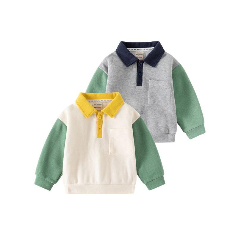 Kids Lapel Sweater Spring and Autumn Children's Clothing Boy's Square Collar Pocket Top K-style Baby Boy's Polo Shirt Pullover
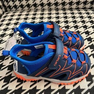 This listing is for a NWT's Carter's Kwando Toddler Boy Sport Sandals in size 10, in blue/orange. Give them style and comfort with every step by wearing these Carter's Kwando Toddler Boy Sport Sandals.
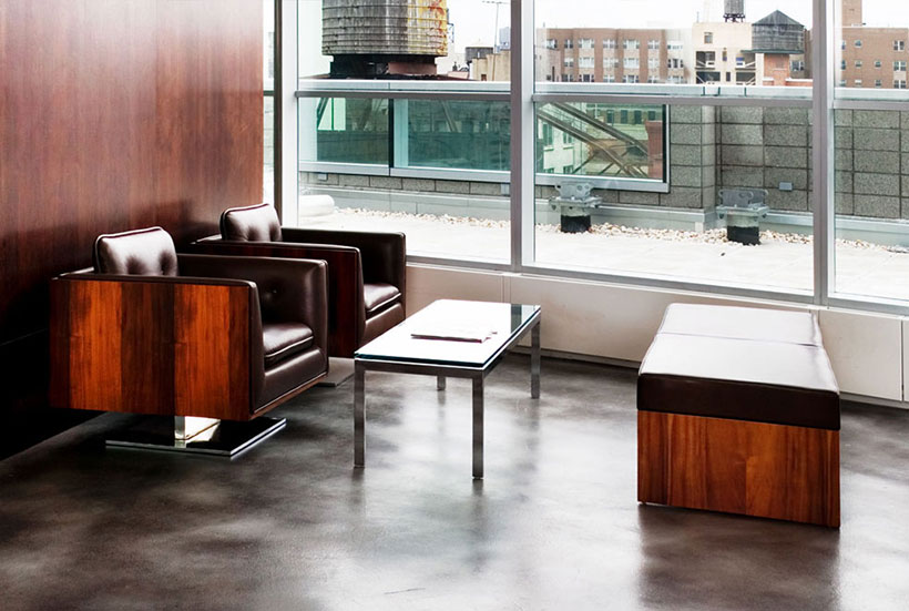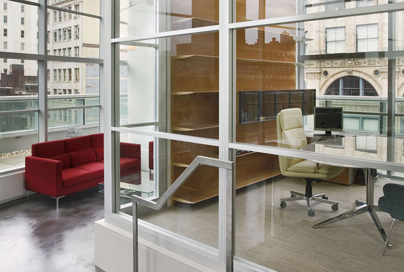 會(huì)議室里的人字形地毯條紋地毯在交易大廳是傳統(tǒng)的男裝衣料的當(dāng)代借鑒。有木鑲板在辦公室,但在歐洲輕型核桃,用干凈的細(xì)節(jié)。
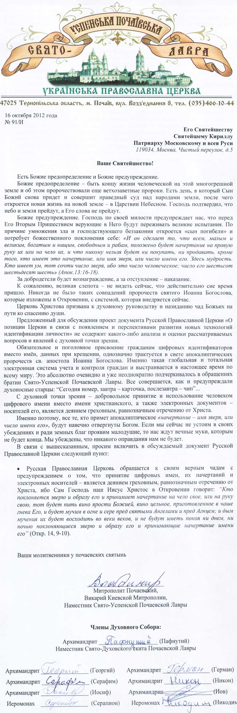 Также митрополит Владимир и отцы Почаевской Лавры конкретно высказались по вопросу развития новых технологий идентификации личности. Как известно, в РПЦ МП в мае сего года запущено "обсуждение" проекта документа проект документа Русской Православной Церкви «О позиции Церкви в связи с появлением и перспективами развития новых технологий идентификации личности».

──────────────────────────────

### [The task]
Your task is to repeat exactly the lines from the one containing "This listing is" through the end of the material, both included, and only those, without pictures.

### [Result for this task]
 This listing is for a NWT's Carter's Kwando Toddler Boy Sport Sandals in size 10, in blue/orange. Give them style and comfort with every step by wearing these Carter's Kwando Toddler Boy Sport Sandals.
 會(huì)議室里的人字形地毯條紋地毯在交易大廳是傳統(tǒng)的男裝衣料的當(dāng)代借鑒。有木鑲板在辦公室,但在歐洲輕型核桃,用干凈的細(xì)節(jié)。
 Также митрополит Владимир и отцы Почаевской Лавры конкретно высказались по вопросу развития новых технологий идентификации личности. Как известно, в РПЦ МП в мае сего года запущено "обсуждение" проекта документа проект документа Русской Православной Церкви «О позиции Церкви в связи с появлением и перспективами развития новых технологий идентификации личности».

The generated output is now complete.